## Problem statement
The reply should hold only the lines below from the one with "O cartão Sandisk" to the end, each copied exactly.

+++ Data for review +++

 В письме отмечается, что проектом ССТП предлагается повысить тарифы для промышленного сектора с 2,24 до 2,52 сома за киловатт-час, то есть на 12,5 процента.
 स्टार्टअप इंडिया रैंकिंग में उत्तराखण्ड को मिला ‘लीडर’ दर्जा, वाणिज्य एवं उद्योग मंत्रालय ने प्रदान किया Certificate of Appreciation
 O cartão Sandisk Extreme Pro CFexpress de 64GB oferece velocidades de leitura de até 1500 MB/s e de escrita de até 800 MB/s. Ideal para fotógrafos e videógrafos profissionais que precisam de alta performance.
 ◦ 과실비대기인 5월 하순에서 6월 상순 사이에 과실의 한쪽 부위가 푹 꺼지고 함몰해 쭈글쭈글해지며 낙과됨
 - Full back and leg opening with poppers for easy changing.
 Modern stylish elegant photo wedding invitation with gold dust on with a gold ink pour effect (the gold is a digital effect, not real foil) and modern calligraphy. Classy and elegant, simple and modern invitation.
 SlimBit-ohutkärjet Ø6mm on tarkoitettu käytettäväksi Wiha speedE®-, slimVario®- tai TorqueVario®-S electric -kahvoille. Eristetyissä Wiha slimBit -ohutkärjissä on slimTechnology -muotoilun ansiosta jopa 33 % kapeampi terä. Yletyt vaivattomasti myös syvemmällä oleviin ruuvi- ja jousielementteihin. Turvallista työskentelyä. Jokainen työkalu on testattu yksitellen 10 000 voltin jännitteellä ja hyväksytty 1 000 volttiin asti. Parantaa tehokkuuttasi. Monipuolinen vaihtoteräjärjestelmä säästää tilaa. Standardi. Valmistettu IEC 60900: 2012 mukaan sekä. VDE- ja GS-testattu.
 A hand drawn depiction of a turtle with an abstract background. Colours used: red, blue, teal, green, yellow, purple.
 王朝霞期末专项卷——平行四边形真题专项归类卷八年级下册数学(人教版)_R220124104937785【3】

+++

## Exercise answer
 O cartão Sandisk Extreme Pro CFexpress de 64GB oferece velocidades de leitura de até 1500 MB/s e de escrita de até 800 MB/s. Ideal para fotógrafos e videógrafos profissionais que precisam de alta performance.
 ◦ 과실비대기인 5월 하순에서 6월 상순 사이에 과실의 한쪽 부위가 푹 꺼지고 함몰해 쭈글쭈글해지며 낙과됨
 - Full back and leg opening with poppers for easy changing.
 Modern stylish elegant photo wedding invitation with gold dust on with a gold ink pour effect (the gold is a digital effect, not real foil) and modern calligraphy. Classy and elegant, simple and modern invitation.
 SlimBit-ohutkärjet Ø6mm on tarkoitettu käytettäväksi Wiha speedE®-, slimVario®- tai TorqueVario®-S electric -kahvoille. Eristetyissä Wiha slimBit -ohutkärjissä on slimTechnology -muotoilun ansiosta jopa 33 % kapeampi terä. Yletyt vaivattomasti myös syvemmällä oleviin ruuvi- ja jousielementteihin. Turvallista työskentelyä. Jokainen työkalu on testattu yksitellen 10 000 voltin jännitteellä ja hyväksytty 1 000 volttiin asti. Parantaa tehokkuuttasi. Monipuolinen vaihtoteräjärjestelmä säästää tilaa. Standardi. Valmistettu IEC 60900: 2012 mukaan sekä. VDE- ja GS-testattu.
 A hand drawn depiction of a turtle with an abstract background. Colours used: red, blue, teal, green, yellow, purple.
 王朝霞期末专项卷——平行四边形真题专项归类卷八年级下册数学(人教版)_R220124104937785【3】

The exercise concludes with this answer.